Copy exactly the lines from the beginning of the data down to and including the line holding "Ohm 1 pár komponentních", without any pictures.

-------- Recorded information --------

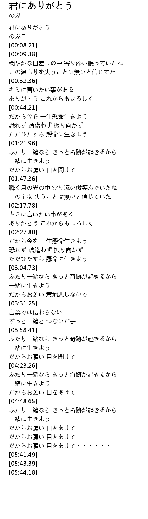 | [00:39.75] | ありがとう これからもよろしく |
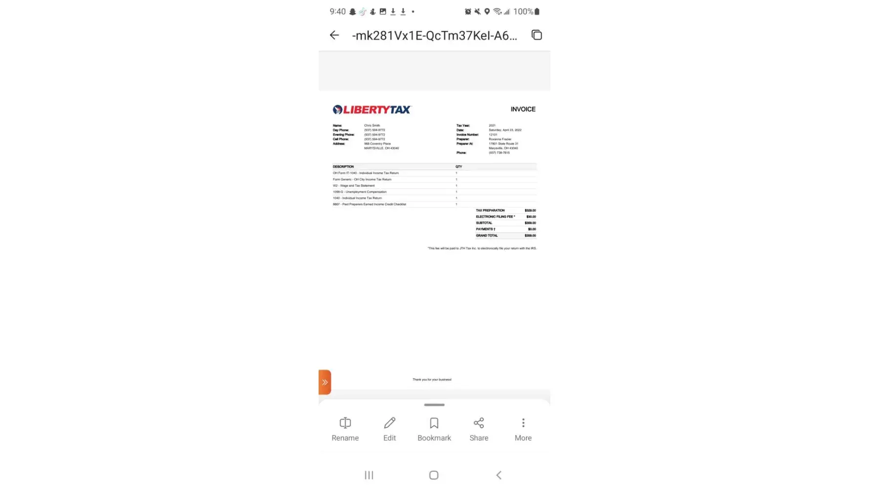 Called liberty Tax to try virtual taxes I normally go into an office. Should have known it was to go to be true. So I uploaded my tax information to the site 4/15. I spoke with the you lady a few times to add more information. Oh by the way my when I was phoned my caller ID read "DOLLR GENERAL". So was this young lady performing Liberty Tax business from a dollar store phone. We owed money provide her with the fee for services. But on 4/20 got a text message that my husband need a IRS pin 4/20 got pin completed SILENCE. I knew taxes were going to be late but OK I paid the fee then SILENCE. Life happened so I went to my liberty tax site to follow up 5/1 "IRS rejected filing" informed virtual tax person. "Oh let me see what the issue is" SILENCE. If I pay for a service I expect customer services and completion of that services once paid.
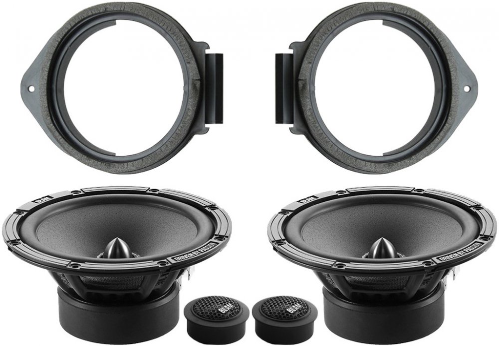 Ohm 1 pár komponentních reproduktorů BLAM RELAX 2 165 R2X (2x středobas, 2x výška, výhybky) Ohm 1 pár plastových podložek přesně pro Opel Astra J z roku 2009-2015 do předních dveří (2ks plastových podložek)
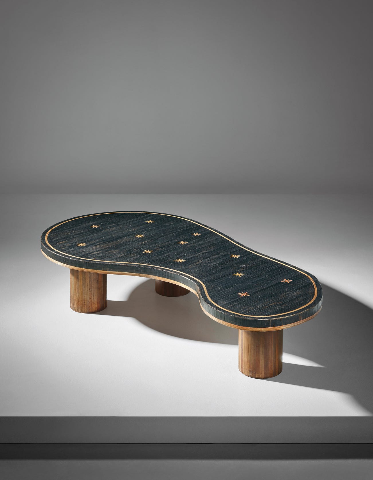 In 1947, for his own residence on the Faubourg-Saint-Honoré in Paris, Royère designed his first pieces of biomorphic furniture, an “Ours Polaire” sofa and a “Flaque” low table. The latter featured an opaline glass top decorated with red stars and supported by three perforated sheet metal legs, positioned in the designer’s living room alongside a carpet whose fluid form echoed that of the low table. A few years later, Royère presented a version of the table with a blue opaline glass top as part of his design for an office lounge at the 1949 Salon des artistes décorateurs. These versions of Royère’s "Flaque" table from the 1940s illustrate the connection to the biomorphic forms developed by designers during the 1930s, such as the series of coffee tables designed by Gray with irregularly shaped wooden or metal tops on tubular steel frames.
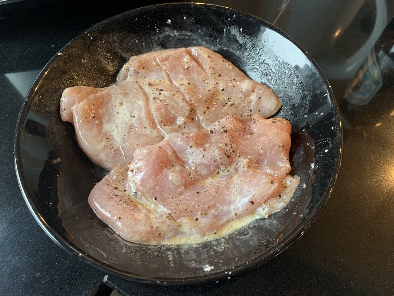 2 chicken breasts, pounded flat evenly
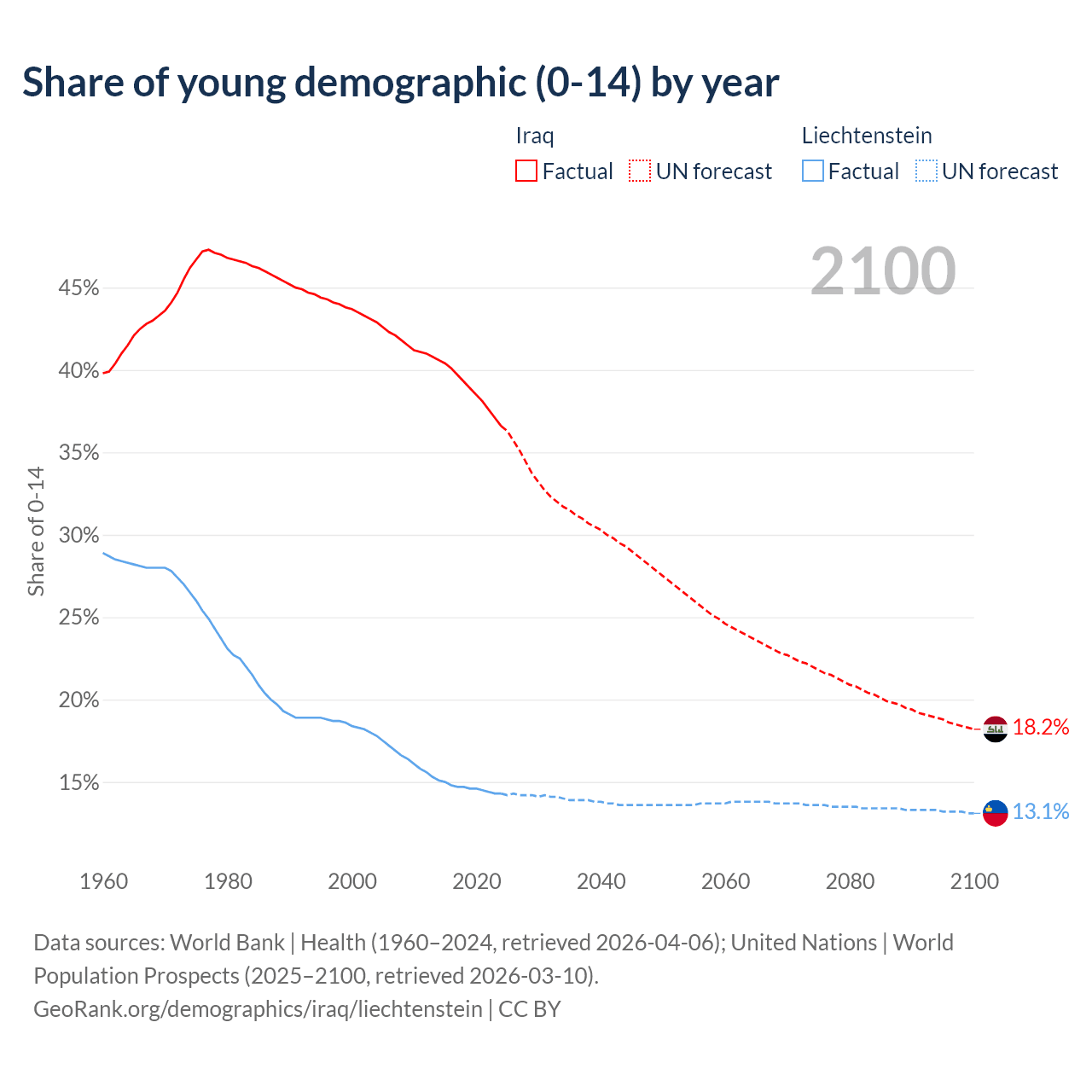 - The share of young demographic (0-15 years old) in Iraq is 36.6% vs 14.3% in Liechtenstein.
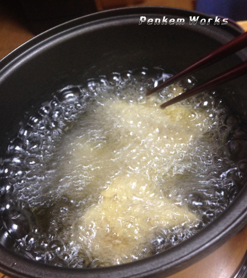 卓上フライヤーで揚げた物をタレの中にぶちこんで。。。うまい!!!
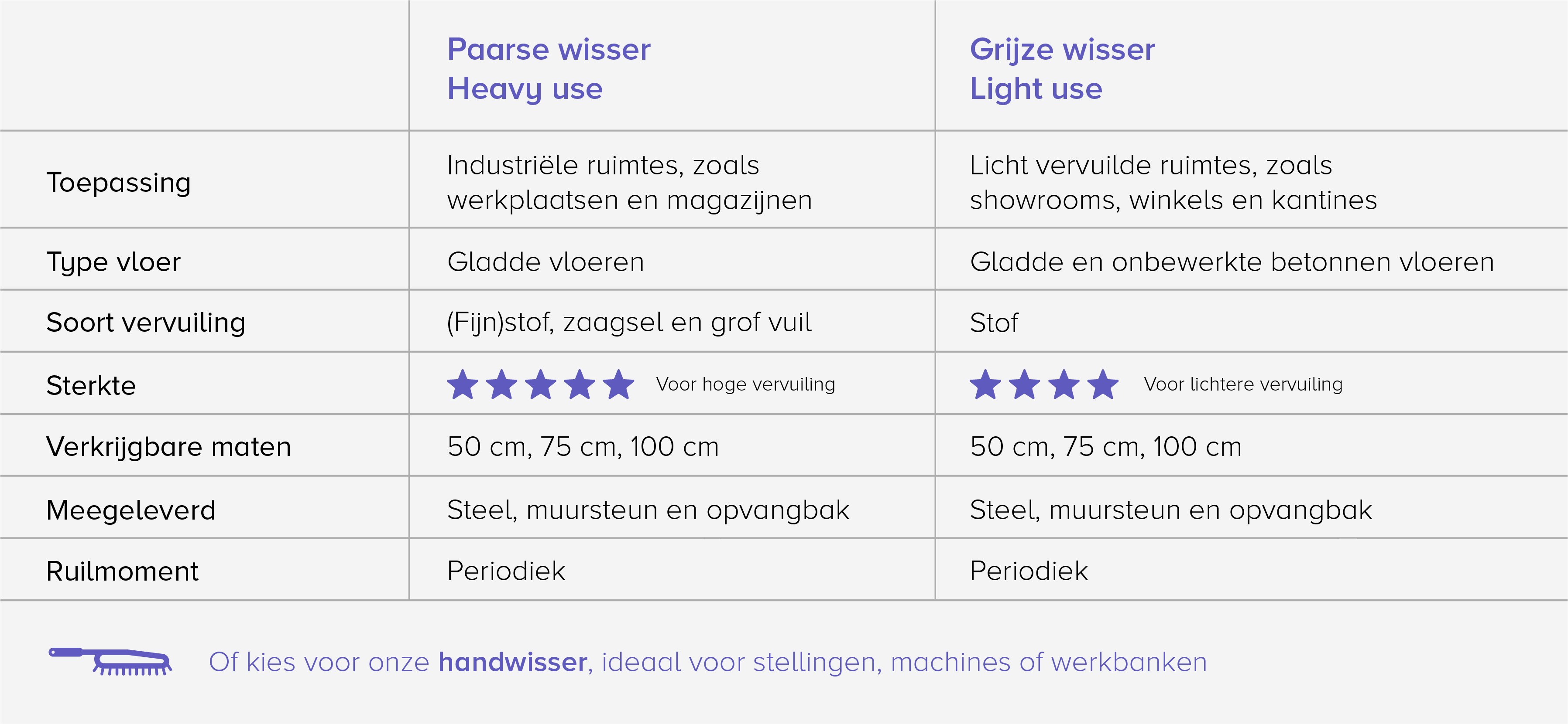 We hebben zowel hand- als vloerwissers, geschikt voor elke ruimte en mate van vervuiling. Of het nu gaat om een industriële ruimte of een showroom, Lavans heeft de juiste oplossing in huis. Afhankelijk van de omgeving en vervuiling kies je de juiste Lavanswisser. Hieronder zie je in één oogopslag welk type het beste aansluit bij jouw situatie.
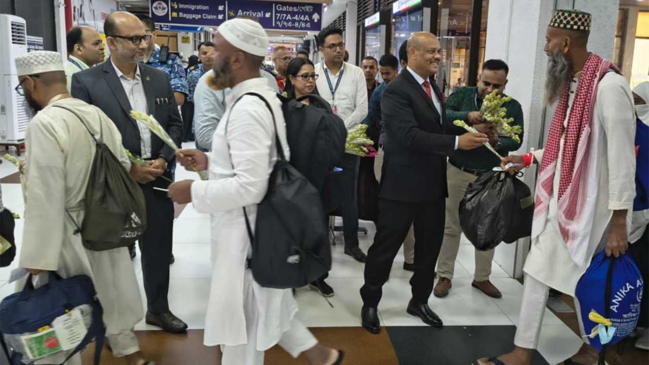 এসময় বিমানবন্দরের বোর্ডিং ব্রিজে হাজিদের স্বাগত জানান বেসামরিক বিমান চলাচল কর্তৃপক্ষের (বেবিচক) চেয়ারম্যান এয়ার ভাইস মার্শাল মো. মঞ্জুর কবীর ভূঁইয়া। তিনি ফুল দিয়ে প্রথম ফিরতি ফ্লাইটের হাজিদের বরণ করে নেন।
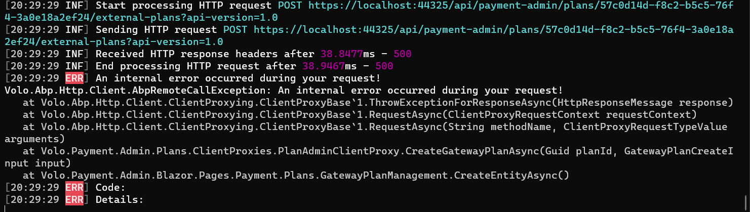 [16:52:42 ERR] ---------- RemoteServiceErrorInfo ---------- { "code": null, "message": "An internal error occurred during your request!", "details": null, "data": {}, "validationErrors": null } [16:52:42 ERR] Object reference not set to an instance of an object. System.NullReferenceException: Object reference not set to an instance of an object. at Volo.Payment.Stripe.Pages.Payment.Stripe.PrePaymentModel.OnPostAsync() at Microsoft.AspNetCore.Mvc.RazorPages.Infrastructure.ExecutorFactory.NonGenericTaskHandlerMethod.Execute(Object receiver, Object[] arguments) at Microsoft.AspNetCore.Mvc.RazorPages.Infrastructure.PageActionInvoker.InvokeHandlerMethodAsync() at Microsoft.AspNetCore.Mvc.RazorPages.Infrastructure.PageActionInvoker.InvokeNextPageFilterAsync() at Microsoft.AspNetCore.Mvc.RazorPages.Infrastructure.PageActionInvoker.Rethrow(PageHandlerExecutedContext context) at Microsoft.AspNetCore.Mvc.RazorPages.Infrastructure.PageActionInvoker.Next(State& next, Scope& scope, Object& state, Boolean& isCompleted) at Microsoft.AspNetCore.Mvc.RazorPages.Infrastructure.PageActionInvoker.InvokeInnerFilterAsync() at Microsoft.AspNetCore.Mvc.Infrastructure.ResourceInvoker.<InvokeNextExceptionFilterAsync>g__Awaited|26_0(ResourceInvoker invoker, Task lastTask, State next, Scope scope, Object state, Boolean isCompleted) [16:52:42 INF] Executed page /Payment/Stripe/PrePayment in 4826.7507ms [16:52:42 INF] Executed endpoint '/Payment/Stripe/PrePayment' [16:52:42 ERR] An unhandled exception has occurred while executing the request. System.NullReferenceException: Object reference not set to an instance of an object. at Volo.Payment.Stripe.Pages.Payment.Stripe.PrePaymentModel.OnPostAsync() at Microsoft.AspNetCore.Mvc.RazorPages.Infrastructure.ExecutorFactory.NonGenericTaskHandlerMethod.Execute(Object receiver, Object[] arguments) at Microsoft.AspNetCore.Mvc.RazorPages.Infrastructure.PageActionInvoker.InvokeHandlerMethodAsync() at Microsoft.AspNetCore.Mvc.RazorPages.Infrastructure.PageActionInvoker.InvokeNextPageFilterAsync() at Microsoft.AspNetCore.Mvc.RazorPages.Infrastructure.PageActionInvoker.Rethrow(PageHandlerExecutedContext context) at Microsoft.AspNetCore.Mvc.RazorPages.Infrastructure.PageActionInvoker.Next(State& next, Scope& scope, Object& state, Boolean& isCompleted) at Microsoft.AspNetCore.Mvc.RazorPages.Infrastructure.PageActionInvoker.InvokeInnerFilterAsync() at Microsoft.AspNetCore.Mvc.Infrastructure.ResourceInvoker.<InvokeNextExceptionFilterAsync>g__Awaited|26_0(ResourceInvoker invoker, Task lastTask, State next, Scope scope, Object state, Boolean isCompleted) at Microsoft.AspNetCore.Mvc.Infrastructure.ResourceInvoker.Rethrow(ExceptionContextSealed context) at Microsoft.AspNetCore.Mvc.Infrastructure.ResourceInvoker.Next(State& next, Scope& scope, Object& state, Boolean& isCompleted) at Microsoft.AspNetCore.Mvc.Infrastructure.ResourceInvoker.<InvokeNextResourceFilter>g__Awaited|25_0(ResourceInvoker invoker, Task lastTask, State next, Scope scope, Object state, Boolean isCompleted) at Microsoft.AspNetCore.Mvc.Infrastructure.ResourceInvoker.Rethrow(ResourceExecutedContextSealed context) at Microsoft.AspNetCore.Mvc.Infrastructure.ResourceInvoker.Next(State& next, Scope& scope, Object& state, Boolean& isCompleted) at Microsoft.AspNetCore.Mvc.Infrastructure.ResourceInvoker.<InvokeFilterPipelineAsync>g__Awaited|20_0(ResourceInvoker invoker, Task lastTask, State next, Scope scope, Object state, Boolean isCompleted) at Microsoft.AspNetCore.Mvc.Infrastructure.ResourceInvoker.<InvokeAsync>g__Logged|17_1(ResourceInvoker invoker) at Microsoft.AspNetCore.Mvc.Infrastructure.ResourceInvoker.<InvokeAsync>g__Logged|17_1(ResourceInvoker invoker) at Microsoft.AspNetCore.Routing.EndpointMiddleware.<Invoke>g__AwaitRequestTask|6_0(Endpoint endpoint, Task requestTask, ILogger logger) at Volo.Abp.AspNetCore.Serilog.AbpSerilogMiddleware.InvokeAsync(HttpContext context, RequestDelegate next) at Microsoft.AspNetCore.Builder.UseMiddlewareExtensions.<>c__DisplayClass6_1.<<UseMiddlewareInterface>b__1>d.MoveNext() --- End of stack trace from previous location --- at Microsoft.AspNetCore.Authorization.AuthorizationMiddleware.Invoke(HttpContext context) at Volo.Abp.AspNetCore.MultiTenancy.MultiTenancyMiddleware.InvokeAsync(HttpContext context, RequestDelegate next) at Microsoft.AspNetCore.Builder.UseMiddlewareExtensions.<>c__DisplayClass6_1.<<UseMiddlewareInterface>b__1>d.MoveNext() --- End of stack trace from previous location --- at Microsoft.AspNetCore.Authentication.AuthenticationMiddleware.Invoke(HttpContext context) at Volo.Abp.AspNetCore.Security.AbpSecurityHeadersMiddleware.InvokeAsync(HttpContext context, RequestDelegate next) at Microsoft.AspNetCore.Builder.UseMiddlewareExtensions.<>c__DisplayClass6_1.<<UseMiddlewareInterface>b__1>d.MoveNext() --- End of stack trace from previous location --- at Microsoft.AspNetCore.Localization.RequestLocalizationMiddleware.Invoke(HttpContext context) at Microsoft.AspNetCore.RequestLocalization.AbpRequestLocalizationMiddleware.InvokeAsync(HttpContext context, RequestDelegate next) at Microsoft.AspNetCore.Builder.UseMiddlewareExtensions.<>c__DisplayClass6_1.<<UseMiddlewareInterface>b__1>d.MoveNext() --- End of stack trace from previous location --- at Microsoft.AspNetCore.Diagnostics.DeveloperExceptionPageMiddlewareImpl.Invoke(HttpContext context) [16:52:42 INF] Request finished HTTP/1.1 POST https://localhost:44383/Payment/Stripe/PrePayment?paymentRequestId=5bb159f7-62e9-422d-3f9c-3a0e5a62756d application/x-www-form-urlencoded 182 - 500 - text/html;+charset=utf-8 4838.2090msI will also add my ShopController.cs if its any help

--------

_Your solution_
 | [00:39.75] | ありがとう これからもよろしく |
 Called liberty Tax to try virtual taxes I normally go into an office. Should have known it was to go to be true. So I uploaded my tax information to the site 4/15. I spoke with the you lady a few times to add more information. Oh by the way my when I was phoned my caller ID read "DOLLR GENERAL". So was this young lady performing Liberty Tax business from a dollar store phone. We owed money provide her with the fee for services. But on 4/20 got a text message that my husband need a IRS pin 4/20 got pin completed SILENCE. I knew taxes were going to be late but OK I paid the fee then SILENCE. Life happened so I went to my liberty tax site to follow up 5/1 "IRS rejected filing" informed virtual tax person. "Oh let me see what the issue is" SILENCE. If I pay for a service I expect customer services and completion of that services once paid.
 Ohm 1 pár komponentních reproduktorů BLAM RELAX 2 165 R2X (2x středobas, 2x výška, výhybky) Ohm 1 pár plastových podložek přesně pro Opel Astra J z roku 2009-2015 do předních dveří (2ks plastových podložek)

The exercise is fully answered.